Offenbar meint sie, entweder mögliche Affekte bei Lesern lenken zu können, was ich für unseriös manipulativ halte, oder sie hält es für sachlich, eine mögliche (andere) affektive Reaktion einfach zu verleugnen. Dabei muss sie sich im Klaren darüber sein, dass ihre Art von Berichterstattung jede Menge Affekte hervor ruft. Was Frau Koch ‚Anteilnahme‘ nennt, interessiert mich nun überhaupt nicht, die soll über Fakten informieren, und ob bei Leserin oder Leser darüber Anteilnahme entsteht, ist allein deren Angelegenheit und eine Frage der Selbstreflexion. Wäre ja noch schöner, wenn „Bild“ nicht nur die Meinung seiner Leserinnen bilden will, sondern auch noch deren Gefühle.
Wenn Frau Koch meint, eine so bildhafte Sprache verwenden zu müssen, indem in den 70er Jahren Blut aus der Zeitung gelaufen sei, heute hingegen nicht mehr, erlaube ich mir das auch: Nein, kein Blut, Frau Koch, eher Giftmüll! Daran hat sich bis heute nichts geändert.“
Wenn Realitätskontakt über Fotos zu Schockreaktionen führt, sollte das einige Fragen stellen.

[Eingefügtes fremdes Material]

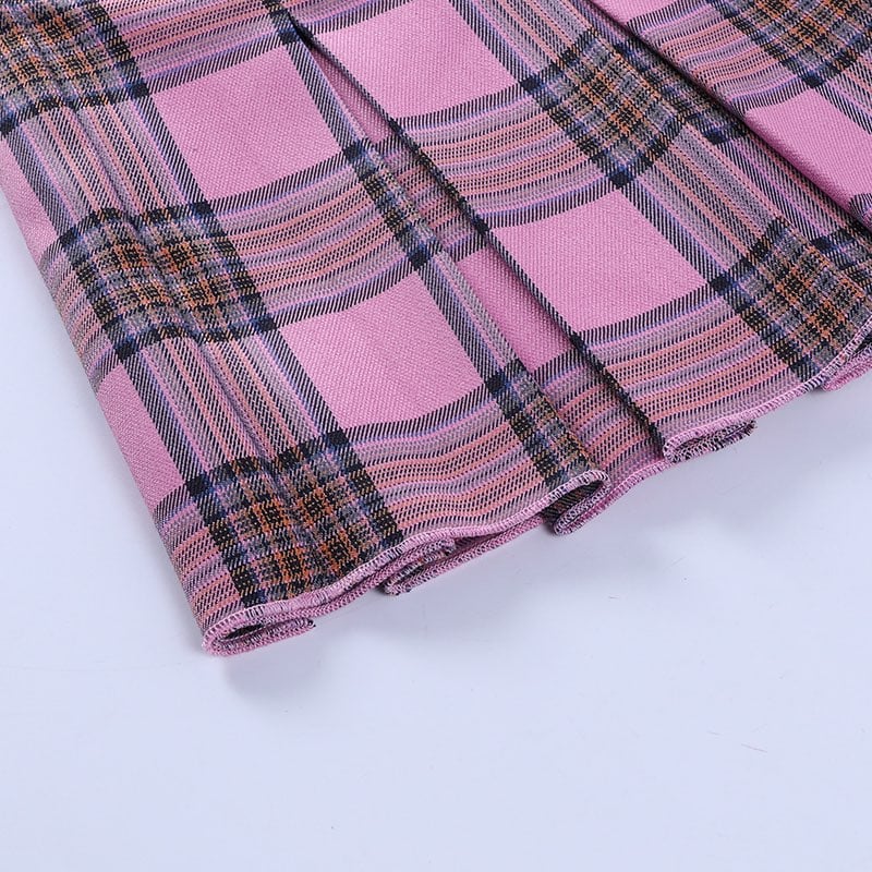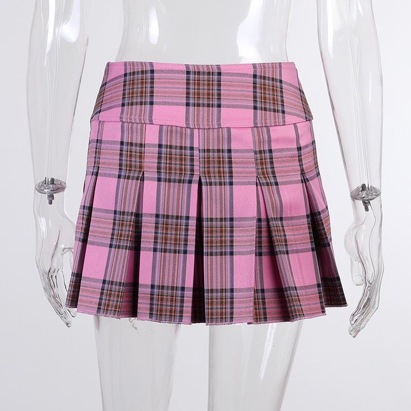 Cute Pink Plaid Checkered Pleated High Waisted Mini Skirt A-line Chic Goth Punk Club E-Girl Kawaii Korean Japanese Harajuku Streetwear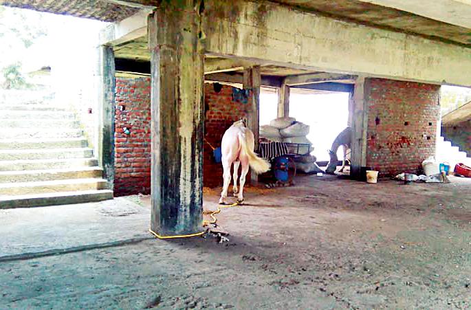 पालिकेच्या अर्धवट सभागृहात घोड्यांचा तबेला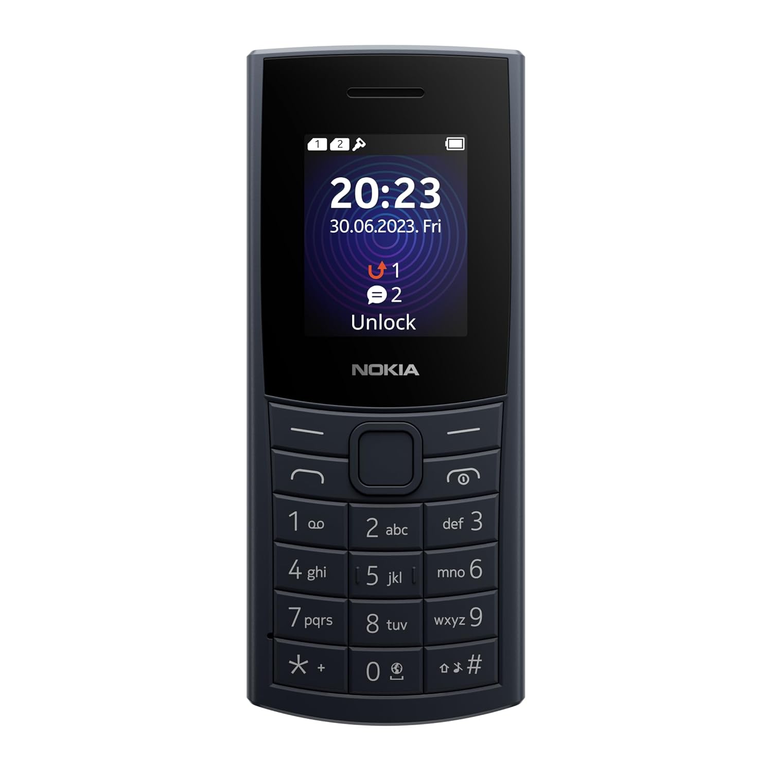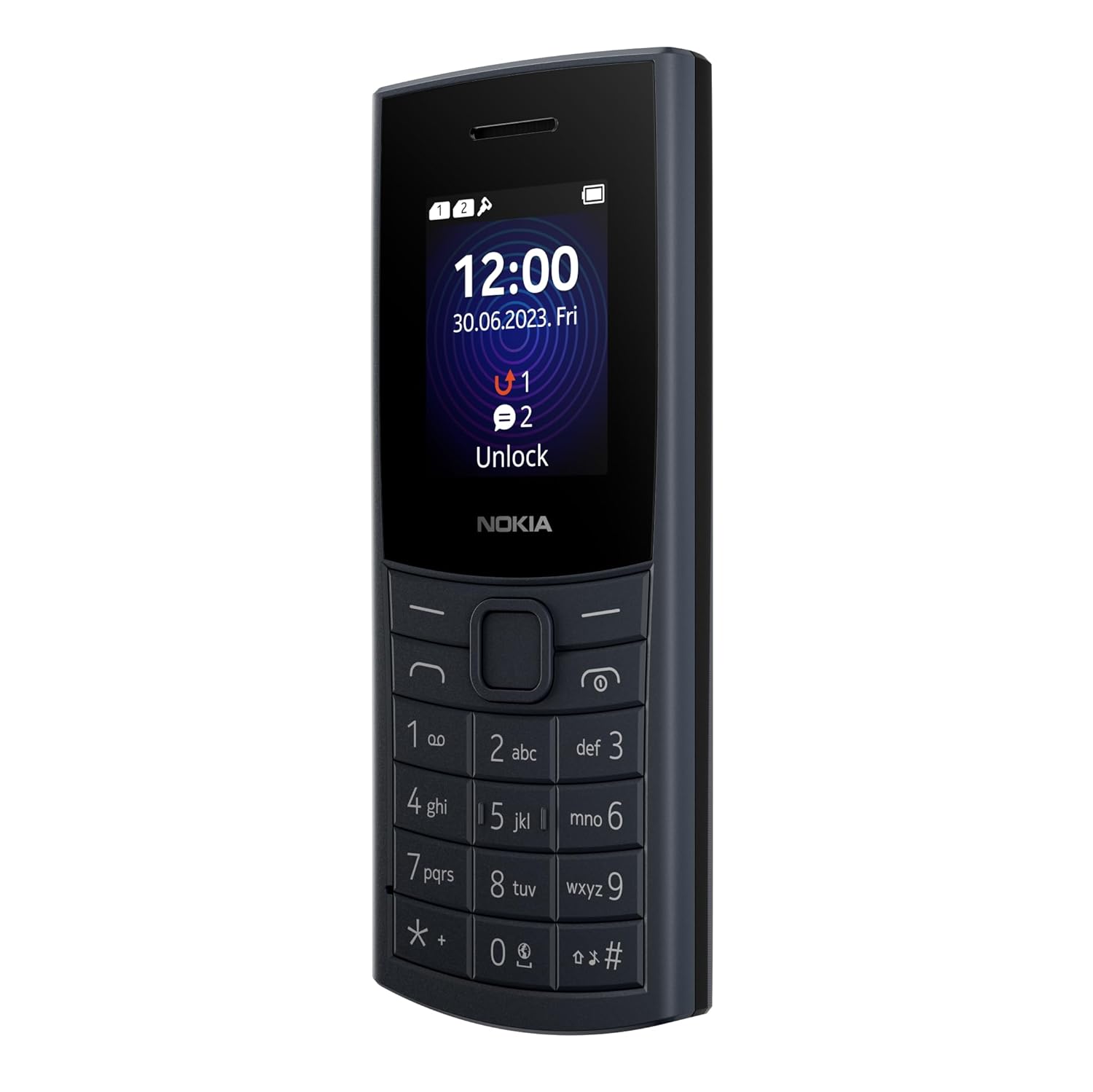 Nokia 110 4G with 4G, camera, Bluetooth, FM radio, MP3 player, MicroSD, long-lasting battery, and pre-loaded games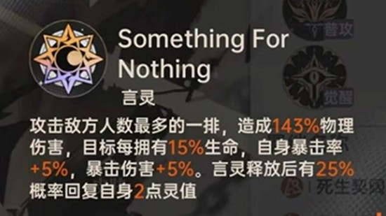 他在游戏中的定位是中排物理攻击型言灵师,其核心输出技能名为“Something for Nothing”,这个技能不仅拥有高额的基础伤害倍率,还具备独特的判定机制:目标的当前生命值越高,路明非触发暴击的概率就越显著。此外,每次释放该技能时,还有25%的概率恢复2点灵值,这能有效缓解资源压力,强化他的技能循环节奏。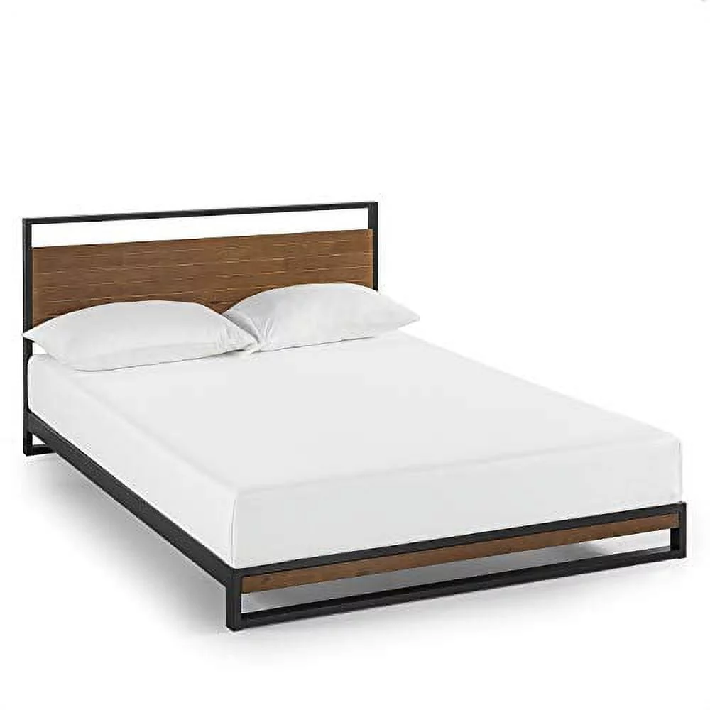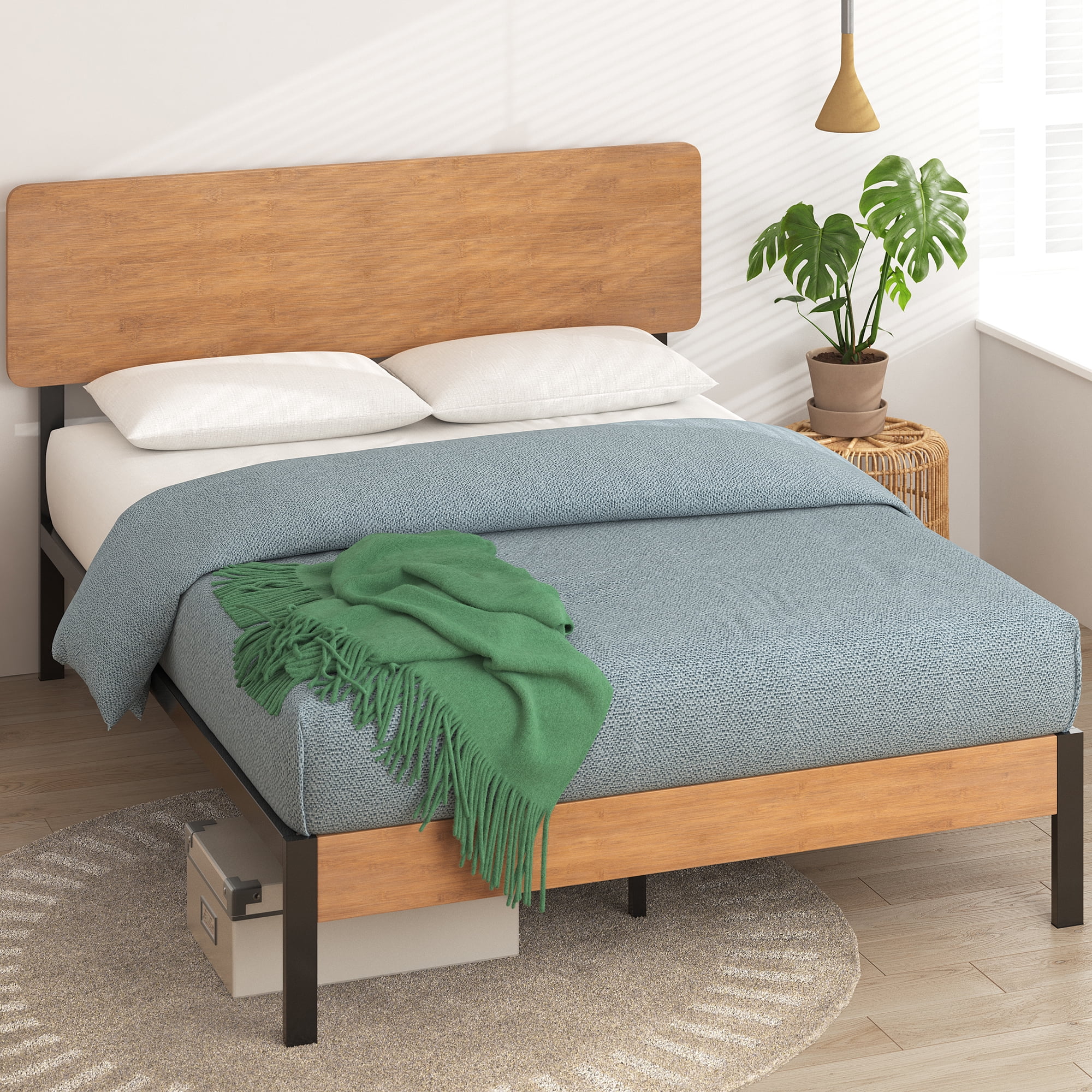 Zinus Suzanne 39" Bamboo and Metal Platform Bed Frame with Shelf and USB Ports, Adult, Queen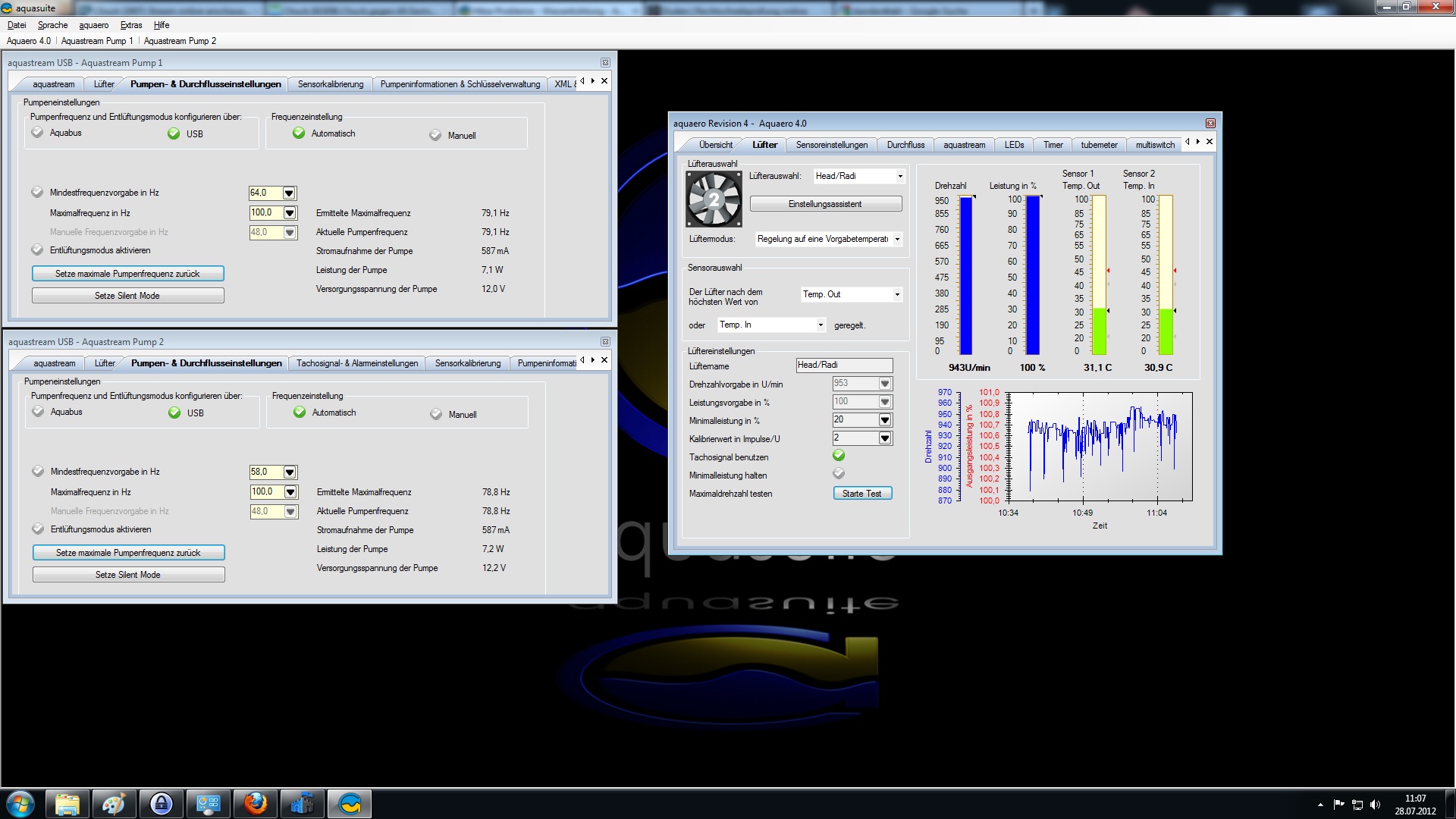 Die Lüfter laufen mit 1200rpm per Aquaaero gesteuert.
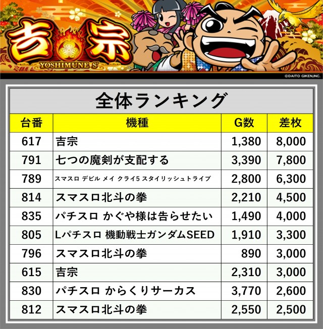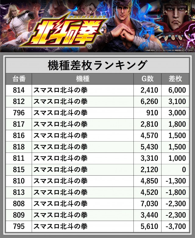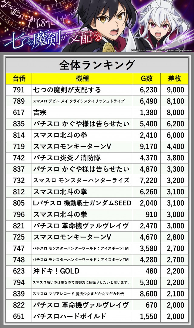 ※差枚数順に掲載しています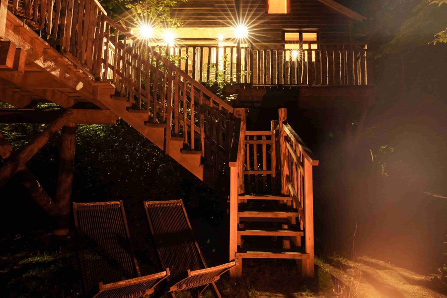 La jolie cabane Spa Ambre à l’architecture insolite vous fait la promesse d’un séjour romantique hors du temps.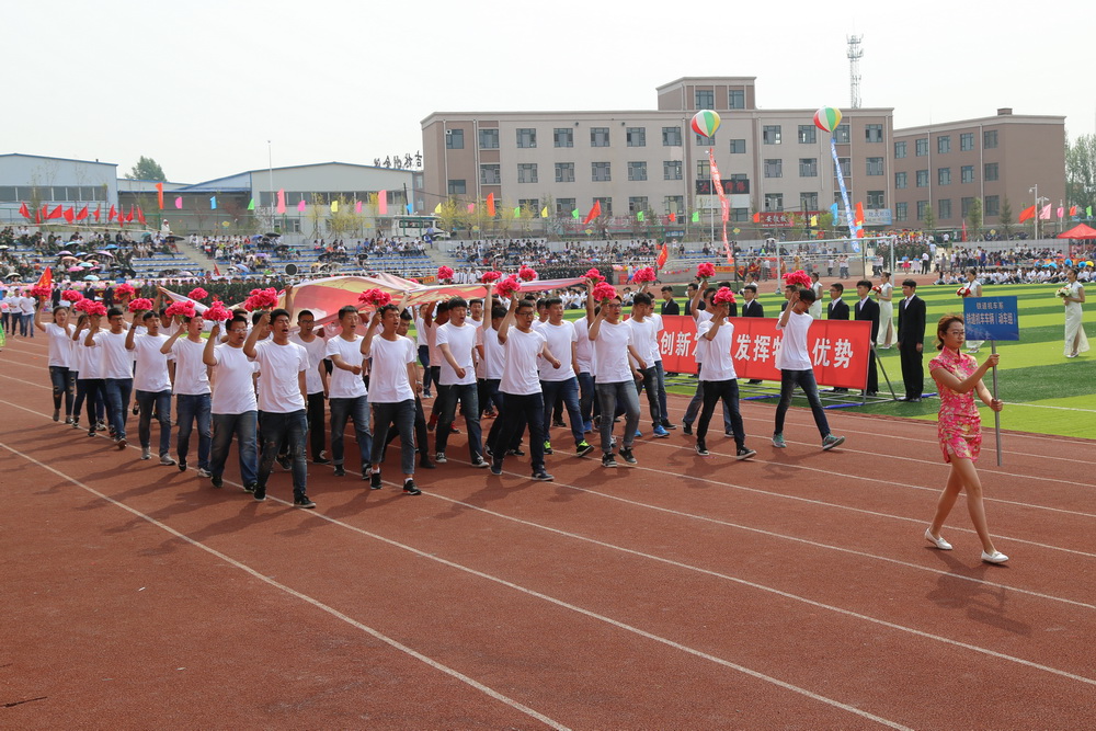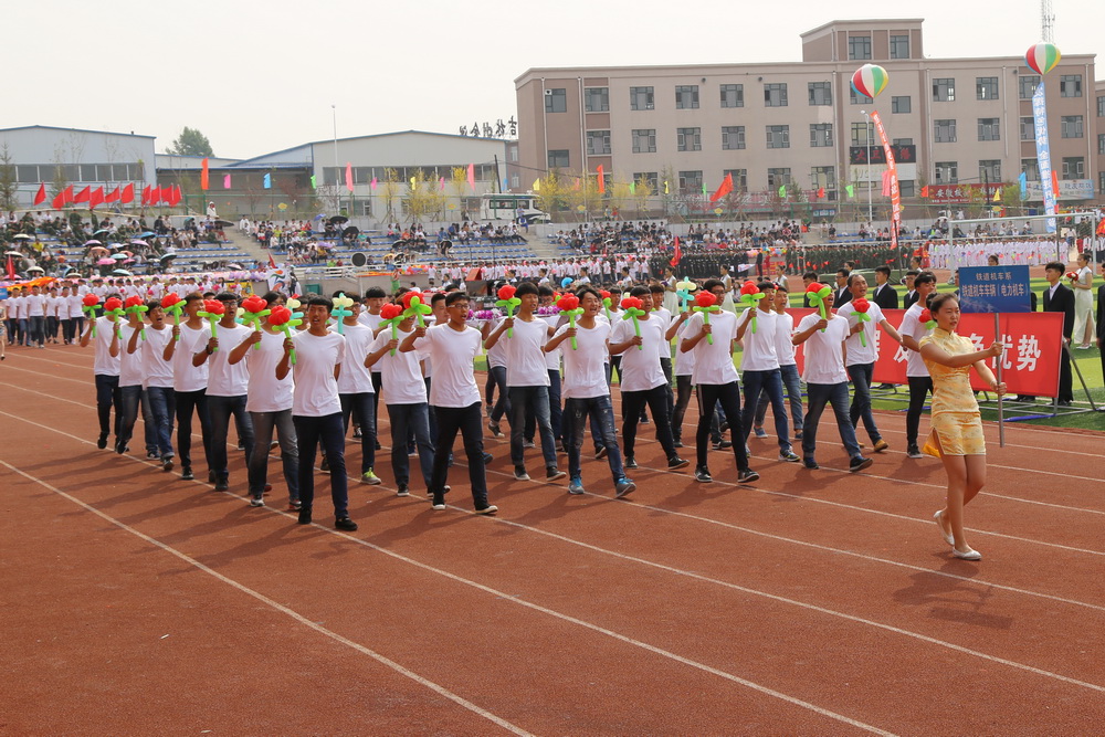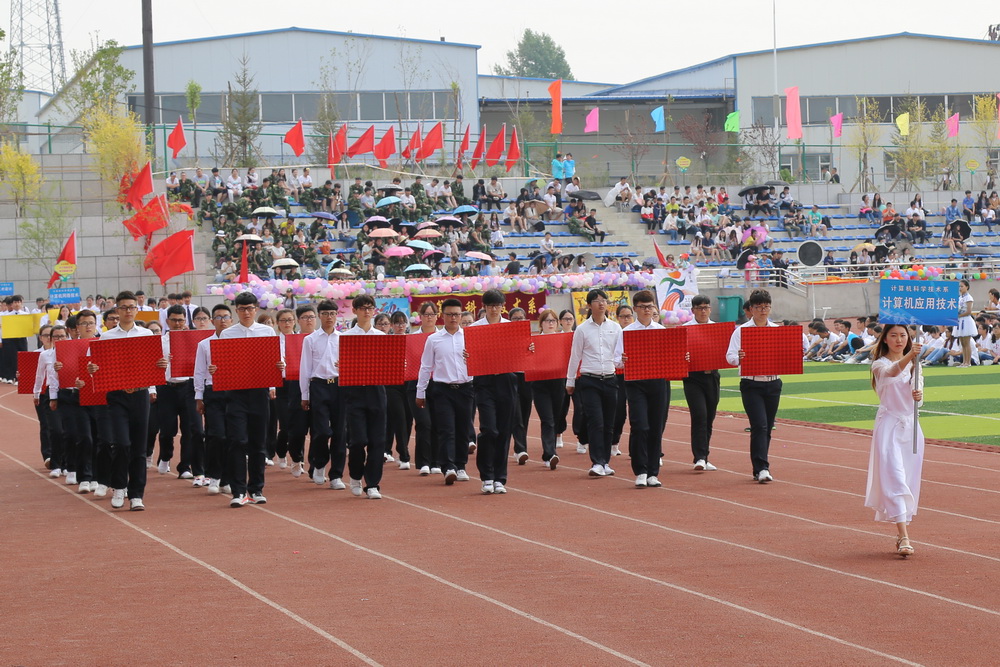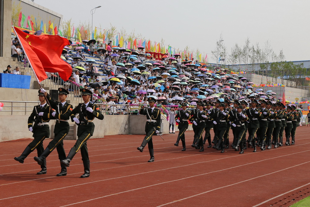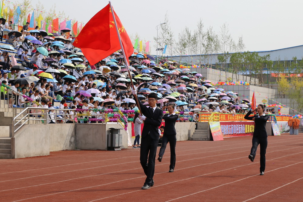 8:00时,运动会正式拉开序幕,伴随着《运动员进行曲》激昂的旋律,接受检阅的37支方队在校旗、会旗的引领下,踏着整齐的步伐,喊着嘹亮的口号,依次通过主席台。

Wo und wie haben die „betroffenen Personen“ denn bisher so in einer Realitätsblase gelebt?
Wer nicht vor der Wirklichkeit fliehen will, soll die möglichekit haben sich zu informieren.
@ Karl Müller
Und wo bleiben dabei die Würde der Toten und das Recht am eigenen Bild (oder am Bild des verstorbenen Familienmitglieds)?
Hallo Frau Ernst,
auch bisher hat es da eine ganz zweckmäßige Differenzierung hinsichtlich der verwendeten Fotos gegeben. Es dürfte aufgefallen sein das vorwiegend Bildausschnitte und anonymisierte Darstellungen den Weg in die Medien gefunden haben.
Denke das reicht in der Regel aus. Wer berechtigtes Interesse an umfangreichen Details hat, kann sich auch in die bearbeitende Einrichtung, Institut etc. wenden.
Es sollte eben für den öffentlichen Teil der Darstellung nicht vollständig verzichtet werden, jedes Detail, und erkennbare Personen abzubilden ist aber auch sicher nicht erforderlich. Bei Gewalt gegen Personen böte sich u.a. das Vorstellen des Defektes etc. an.
Ersatzweise mag auch der Besuch der Rechtsmedizin hier aushelfen. Tatsächlich wende ich mich auch eher gegen eine gewaltfrei wirkende Sachverhaltsdarstellung, wenn das Geschehen tatsächlich doch äußerst gewaltbetont gewesen sein mag. Auf das gezielte Weglassen sollte m.E. da verzichtet werden.
Den o.g. Leserbriefen kann ich nur hinzufügen: Sie haben mir (zum Großteil) aus der Seele gesprochen haben. Hätte ich Zeit gehabt, ich hätte wohl umgehend nach Lektüre des Streitgesprächs selbst reagiert bzw. Bascha Mika zu ihrer souveränen Haltung und klaren Position angesichts der provozierenden Antworten ihrer „Gesprächspartnerin“ gratuliert. Wunderbar die Kombination von kühlem Kopf und klaren Aussagen. Chapeau und Danke!